BRIEF: In this exercise, write out the data word for word and leave every image out.

--- SUPPLIED MATERIAL ---

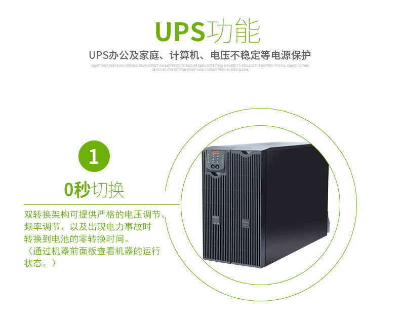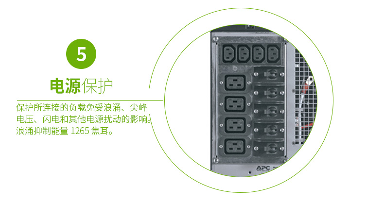 持续保护设备和数据:网络级电源调节功能可防止浪涌的危害和破坏性的噪音。双转换架构可提供严格的电压调节、频率调节、以及出现电力事故时转换到电池的零转换时间。
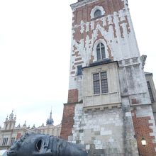 中央広場にある建物で織物会館の横にあります。高い建物で塔の上部には大時計があります。この旧市庁舎の塔にも上ることができますが、行った時はすごい雨が降っていたので上りませんでした。この市庁舎の前には、横を向いた顔だけの像があるのも面白いです。
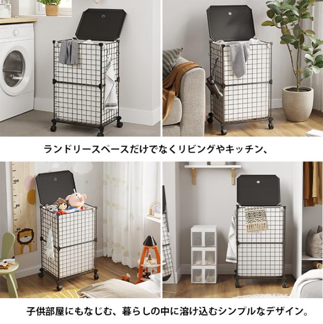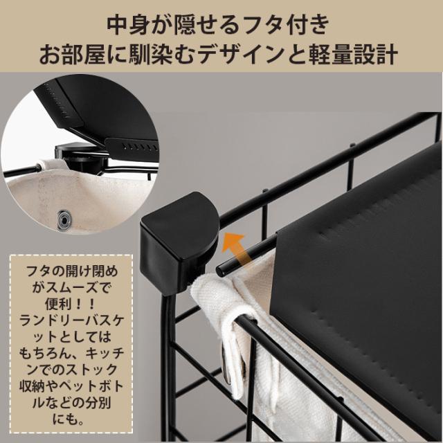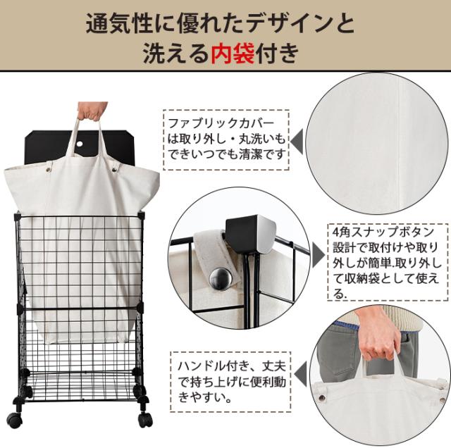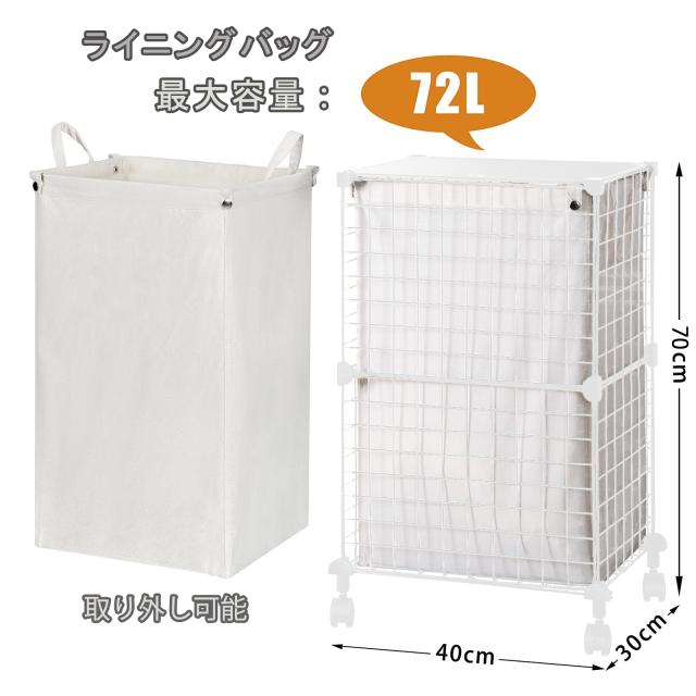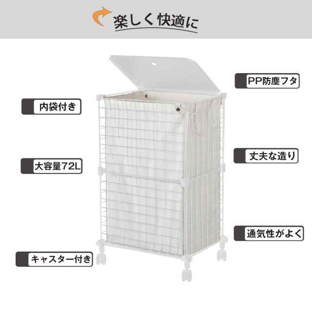 【今だけP5実施中】72L ランドリーバスケット ワイヤー キャスター付き 蓋付き 洗濯物入れ 洗濯カゴ 大容量 脱衣かご 内袋付き

---

ANSWER TO THE EXERCISE:
 持续保护设备和数据:网络级电源调节功能可防止浪涌的危害和破坏性的噪音。双转换架构可提供严格的电压调节、频率调节、以及出现电力事故时转换到电池的零转换时间。
 中央広場にある建物で織物会館の横にあります。高い建物で塔の上部には大時計があります。この旧市庁舎の塔にも上ることができますが、行った時はすごい雨が降っていたので上りませんでした。この市庁舎の前には、横を向いた顔だけの像があるのも面白いです。
 【今だけP5実施中】72L ランドリーバスケット ワイヤー キャスター付き 蓋付き 洗濯物入れ 洗濯カゴ 大容量 脱衣かご 内袋付き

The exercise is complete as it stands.